According to Bain & Company, cybersecurity has never been more essential, for four main reasons:
- Companies have more digital assets than they did 10 years ago, and these assets are worth more than they were before. These include client information, proprietary assets, including source code for products, automated business processes, sensitive communications with suppliers and partners and other data. The security around these assets can vary greatly depending on the perceived (as opposed to actual) financial and strategic value to the business, as well as the effectiveness of the security technologies and processes in place.
- Organisations are shifting to hybrid cloud architecture as they continue to adopt software, security and other solutions as services. Historically, digital assets were protected within the company’s data centre, where it was easier to guard the perimeter and manage user access, authorisation and authentication from known locations and devices. Today, corporate and customer data resides in the organisation’s own data centres as well as public and private clouds. While hybrid cloud architectures offer significant economic benefits, their adoption requires a more sophisticated approach to cybersecurity, according to Bain & Company.
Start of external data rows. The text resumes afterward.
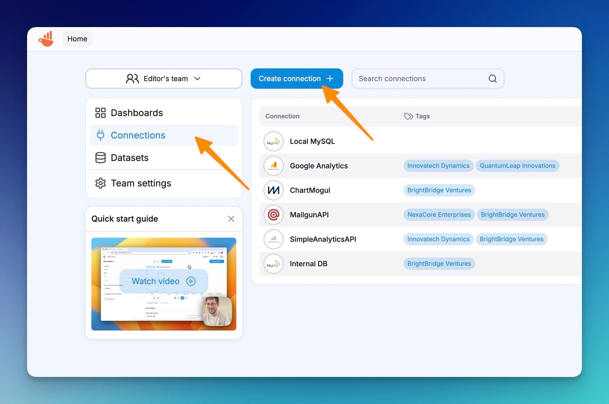 The real value of Chartbrew is when you connect more data sources to the platform. Check the full list of tutorials to see what else you can connect. Then learn how to create client reports and share them with others, and once you're ready to scale, create dashboard templates and create multiple dashboards for your clients.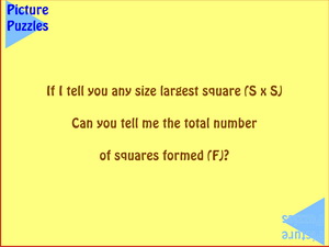 - F = S(S + 1)(2S + 1) / 6 where S is the largest size square.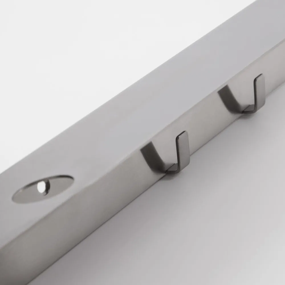 Saml plejeprodukterne og opdatér looket på badeværelset med dette ophæng. Der er plads til at hænge tre flasker op, mens der tilmed kan stilles produkter på hylden foroven og opbevares badesvamp og andre accessories på knagerne. Knagen er lavet i rustfrit stål, som ej lukker vand ind. Uanset om den hænger op i brusekabinen eller på væggen ved håndvasken, er den med til at opfriske badeværelset og holdet det ryddeligt.

- The pervasive use of mobile devices by staff and executives. Corporate IT now has to manage the security of many more platforms and devices, some owned by the company and others that belong to employees who use them under a bring-you-own-device (BYOD) plan. To manage cybersecurity effectively organisations will need to provide ubiquitous security across many devices and comprehensively manage user identity and access to sensitive corporate data.
- Compliance remains the most important cybersecurity driver, especially for companies in regulated industries or with contractual obligations. In a recent Bain survey, more than 75% of CIOs identified compliance requirements as the main determinant of investment in IT security. Another recent survey of IT staff by ISACA found that outside of compliance obligations IT has insufficient resources and limited business engagement for effective risk management. These findings highlight the operational approach to cybersecurity taken by many organisations. Bain & Company argues that compliance should define the lower bound for security capabilities while the upper bound should aspire to meet the organisation’s strategic priorities, including IP protection, continuous operations and a secure corporate reputation.
Bain & Company suggests that leading organisations take a more strategic rather than an operational approach to security to respond to the new challenges. The key to successfully implementing this approach is to:
Understand the organisation’s key assets
Align business and IT leaders on the prioritisation of digital assets based on value and risk to the organisation to ensure the proper design of technology, processes and supporting resources. For example, customer data, point of sale and order management systems are a higher priority while marketing and promotion systems may be lower.
Identify the security risks and gaps
Assess current security capabilities and determine the likelihood of experiencing known and emerging risks. Business and IT leaders should then align on the gaps and the estimated mitigation costs.
Define the cybersecurity strategy
IT should create comprehensive technology, process and organisation designs and blueprints based on a thorough understanding of the organisation’s security priorities and gaps, with strategic and operational elements that protect digital assets.
Emphasise gaps, priorities and strategy to the CEO and board
Leadership should know the security related risks and gaps they face, so they can understand the importance of the investments required.
Engage recognised security specialists
As the threat landscape expands and attacks become more sophisticated, organisations should work closely with firms that can provide ongoing services to diagnosis, redesign and monitor their cybersecurity.
Adapted from a report by Emma McAleavey.